The task:
Print the first line of the material below and each line after it, exactly as written, ending with the line that contains "(¬6). [صحيح بشواهده]".

Data to use:

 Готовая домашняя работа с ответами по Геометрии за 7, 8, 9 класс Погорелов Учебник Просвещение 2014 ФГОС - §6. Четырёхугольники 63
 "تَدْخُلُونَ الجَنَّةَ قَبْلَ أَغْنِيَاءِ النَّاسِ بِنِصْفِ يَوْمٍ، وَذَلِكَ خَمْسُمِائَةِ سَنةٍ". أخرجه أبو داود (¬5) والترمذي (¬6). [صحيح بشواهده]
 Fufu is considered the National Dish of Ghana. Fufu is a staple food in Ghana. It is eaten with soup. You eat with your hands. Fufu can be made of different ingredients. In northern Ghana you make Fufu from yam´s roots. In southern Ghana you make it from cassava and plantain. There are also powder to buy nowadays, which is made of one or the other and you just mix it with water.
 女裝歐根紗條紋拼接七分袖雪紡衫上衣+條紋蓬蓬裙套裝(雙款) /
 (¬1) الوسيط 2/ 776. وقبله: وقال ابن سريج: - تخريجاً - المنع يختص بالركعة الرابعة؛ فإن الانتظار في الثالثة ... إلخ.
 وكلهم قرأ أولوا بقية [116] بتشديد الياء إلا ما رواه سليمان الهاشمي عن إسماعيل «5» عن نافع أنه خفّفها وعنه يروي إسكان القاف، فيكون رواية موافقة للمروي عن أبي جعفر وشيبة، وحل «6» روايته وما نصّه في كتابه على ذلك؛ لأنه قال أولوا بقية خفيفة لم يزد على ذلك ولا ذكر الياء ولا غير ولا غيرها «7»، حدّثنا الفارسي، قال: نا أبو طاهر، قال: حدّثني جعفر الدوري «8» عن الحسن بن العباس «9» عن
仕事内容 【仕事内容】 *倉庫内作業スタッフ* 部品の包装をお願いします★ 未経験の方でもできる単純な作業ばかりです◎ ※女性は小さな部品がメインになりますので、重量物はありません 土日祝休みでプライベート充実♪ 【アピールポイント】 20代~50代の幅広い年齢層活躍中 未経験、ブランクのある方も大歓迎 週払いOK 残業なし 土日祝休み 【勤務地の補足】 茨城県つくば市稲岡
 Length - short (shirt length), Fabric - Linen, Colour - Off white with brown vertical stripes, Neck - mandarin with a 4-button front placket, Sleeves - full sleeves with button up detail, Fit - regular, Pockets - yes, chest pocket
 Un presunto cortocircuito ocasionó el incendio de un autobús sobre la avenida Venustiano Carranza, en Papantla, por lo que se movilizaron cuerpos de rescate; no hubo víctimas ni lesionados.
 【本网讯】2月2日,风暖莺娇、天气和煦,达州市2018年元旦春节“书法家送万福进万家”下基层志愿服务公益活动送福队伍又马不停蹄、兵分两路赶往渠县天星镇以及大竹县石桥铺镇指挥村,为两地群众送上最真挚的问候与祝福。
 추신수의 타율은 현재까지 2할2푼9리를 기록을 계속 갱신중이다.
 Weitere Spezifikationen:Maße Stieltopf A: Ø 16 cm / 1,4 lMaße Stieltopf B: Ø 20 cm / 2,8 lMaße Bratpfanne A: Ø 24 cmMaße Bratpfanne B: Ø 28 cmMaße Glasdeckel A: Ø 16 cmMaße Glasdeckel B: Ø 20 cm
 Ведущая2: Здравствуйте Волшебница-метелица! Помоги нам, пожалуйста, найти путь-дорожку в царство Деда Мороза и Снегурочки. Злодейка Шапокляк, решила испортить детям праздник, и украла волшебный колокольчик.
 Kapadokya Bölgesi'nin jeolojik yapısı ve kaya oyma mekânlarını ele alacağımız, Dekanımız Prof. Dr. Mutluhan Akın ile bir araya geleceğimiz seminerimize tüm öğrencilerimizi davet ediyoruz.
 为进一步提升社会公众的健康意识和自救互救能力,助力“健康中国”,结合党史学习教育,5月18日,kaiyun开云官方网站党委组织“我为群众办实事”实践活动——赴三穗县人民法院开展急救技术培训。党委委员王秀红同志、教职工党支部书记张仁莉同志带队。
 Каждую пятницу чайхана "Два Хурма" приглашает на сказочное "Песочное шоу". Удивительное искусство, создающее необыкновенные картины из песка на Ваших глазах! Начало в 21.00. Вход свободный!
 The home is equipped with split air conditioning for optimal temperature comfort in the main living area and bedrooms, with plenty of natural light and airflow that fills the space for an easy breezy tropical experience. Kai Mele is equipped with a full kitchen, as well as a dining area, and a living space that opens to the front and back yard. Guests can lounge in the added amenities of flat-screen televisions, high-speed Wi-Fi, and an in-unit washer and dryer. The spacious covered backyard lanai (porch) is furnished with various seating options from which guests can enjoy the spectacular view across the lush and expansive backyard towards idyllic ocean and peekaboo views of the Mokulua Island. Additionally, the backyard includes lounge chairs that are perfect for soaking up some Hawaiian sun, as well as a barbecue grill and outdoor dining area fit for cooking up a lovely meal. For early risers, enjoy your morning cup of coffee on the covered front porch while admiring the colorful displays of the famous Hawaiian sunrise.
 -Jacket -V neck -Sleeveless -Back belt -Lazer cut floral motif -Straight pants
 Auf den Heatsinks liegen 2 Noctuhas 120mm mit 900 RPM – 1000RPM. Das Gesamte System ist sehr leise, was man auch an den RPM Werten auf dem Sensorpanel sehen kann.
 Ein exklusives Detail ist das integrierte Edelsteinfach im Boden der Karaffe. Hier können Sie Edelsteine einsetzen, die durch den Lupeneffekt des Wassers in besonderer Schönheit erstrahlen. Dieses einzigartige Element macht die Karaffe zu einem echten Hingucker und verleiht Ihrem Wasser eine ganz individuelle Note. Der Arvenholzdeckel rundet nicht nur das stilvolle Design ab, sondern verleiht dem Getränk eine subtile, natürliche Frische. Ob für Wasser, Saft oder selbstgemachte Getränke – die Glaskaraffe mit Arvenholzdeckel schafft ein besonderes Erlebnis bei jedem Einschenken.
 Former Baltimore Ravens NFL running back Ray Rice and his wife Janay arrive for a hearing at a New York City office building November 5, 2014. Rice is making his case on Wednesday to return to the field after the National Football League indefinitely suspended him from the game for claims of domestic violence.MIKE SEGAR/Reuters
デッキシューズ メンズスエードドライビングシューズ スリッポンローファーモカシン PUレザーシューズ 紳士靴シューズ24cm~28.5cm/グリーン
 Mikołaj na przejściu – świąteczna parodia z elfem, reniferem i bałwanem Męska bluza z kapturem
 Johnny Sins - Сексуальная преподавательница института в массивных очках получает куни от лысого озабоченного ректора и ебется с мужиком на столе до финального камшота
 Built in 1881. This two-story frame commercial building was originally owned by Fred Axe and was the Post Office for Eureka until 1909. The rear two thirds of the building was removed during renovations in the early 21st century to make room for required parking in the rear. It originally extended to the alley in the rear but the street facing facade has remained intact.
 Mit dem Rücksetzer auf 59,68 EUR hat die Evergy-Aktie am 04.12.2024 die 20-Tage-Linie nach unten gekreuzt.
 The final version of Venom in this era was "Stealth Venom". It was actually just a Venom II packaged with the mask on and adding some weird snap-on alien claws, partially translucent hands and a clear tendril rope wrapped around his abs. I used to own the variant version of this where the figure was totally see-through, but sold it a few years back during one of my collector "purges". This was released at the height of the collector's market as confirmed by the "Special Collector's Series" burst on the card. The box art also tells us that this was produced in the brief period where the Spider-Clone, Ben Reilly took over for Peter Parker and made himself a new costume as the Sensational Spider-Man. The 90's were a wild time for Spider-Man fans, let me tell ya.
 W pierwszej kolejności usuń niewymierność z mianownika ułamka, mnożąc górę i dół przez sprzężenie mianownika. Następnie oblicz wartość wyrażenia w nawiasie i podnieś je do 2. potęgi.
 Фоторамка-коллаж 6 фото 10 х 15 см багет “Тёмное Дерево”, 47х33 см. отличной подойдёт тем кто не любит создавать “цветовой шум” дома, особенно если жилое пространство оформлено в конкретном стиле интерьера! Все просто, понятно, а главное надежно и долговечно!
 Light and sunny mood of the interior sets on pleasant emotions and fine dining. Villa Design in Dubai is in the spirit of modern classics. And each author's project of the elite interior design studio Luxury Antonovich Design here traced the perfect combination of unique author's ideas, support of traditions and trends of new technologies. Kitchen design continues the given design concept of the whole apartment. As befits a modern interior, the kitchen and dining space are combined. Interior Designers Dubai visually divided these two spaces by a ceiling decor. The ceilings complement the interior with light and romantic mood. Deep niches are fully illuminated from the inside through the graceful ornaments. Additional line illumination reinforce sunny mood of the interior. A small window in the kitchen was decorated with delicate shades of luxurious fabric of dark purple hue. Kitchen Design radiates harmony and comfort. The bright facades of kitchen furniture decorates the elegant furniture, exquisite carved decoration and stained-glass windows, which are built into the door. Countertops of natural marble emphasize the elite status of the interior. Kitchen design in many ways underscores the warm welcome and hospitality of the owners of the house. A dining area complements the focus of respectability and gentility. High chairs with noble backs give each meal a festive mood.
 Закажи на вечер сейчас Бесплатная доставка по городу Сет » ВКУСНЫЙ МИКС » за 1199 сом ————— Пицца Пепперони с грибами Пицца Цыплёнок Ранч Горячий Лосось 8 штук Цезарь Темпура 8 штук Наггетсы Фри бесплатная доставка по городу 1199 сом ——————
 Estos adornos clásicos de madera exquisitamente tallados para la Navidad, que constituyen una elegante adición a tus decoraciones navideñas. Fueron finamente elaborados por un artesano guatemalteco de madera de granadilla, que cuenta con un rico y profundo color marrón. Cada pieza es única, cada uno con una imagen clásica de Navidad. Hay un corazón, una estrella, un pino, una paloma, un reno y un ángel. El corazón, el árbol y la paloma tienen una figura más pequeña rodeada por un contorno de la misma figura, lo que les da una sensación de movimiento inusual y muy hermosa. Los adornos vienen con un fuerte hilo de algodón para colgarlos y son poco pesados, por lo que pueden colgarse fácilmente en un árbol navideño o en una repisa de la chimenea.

Exercise answer:
 Готовая домашняя работа с ответами по Геометрии за 7, 8, 9 класс Погорелов Учебник Просвещение 2014 ФГОС - §6. Четырёхугольники 63
 "تَدْخُلُونَ الجَنَّةَ قَبْلَ أَغْنِيَاءِ النَّاسِ بِنِصْفِ يَوْمٍ، وَذَلِكَ خَمْسُمِائَةِ سَنةٍ". أخرجه أبو داود (¬5) والترمذي (¬6). [صحيح بشواهده]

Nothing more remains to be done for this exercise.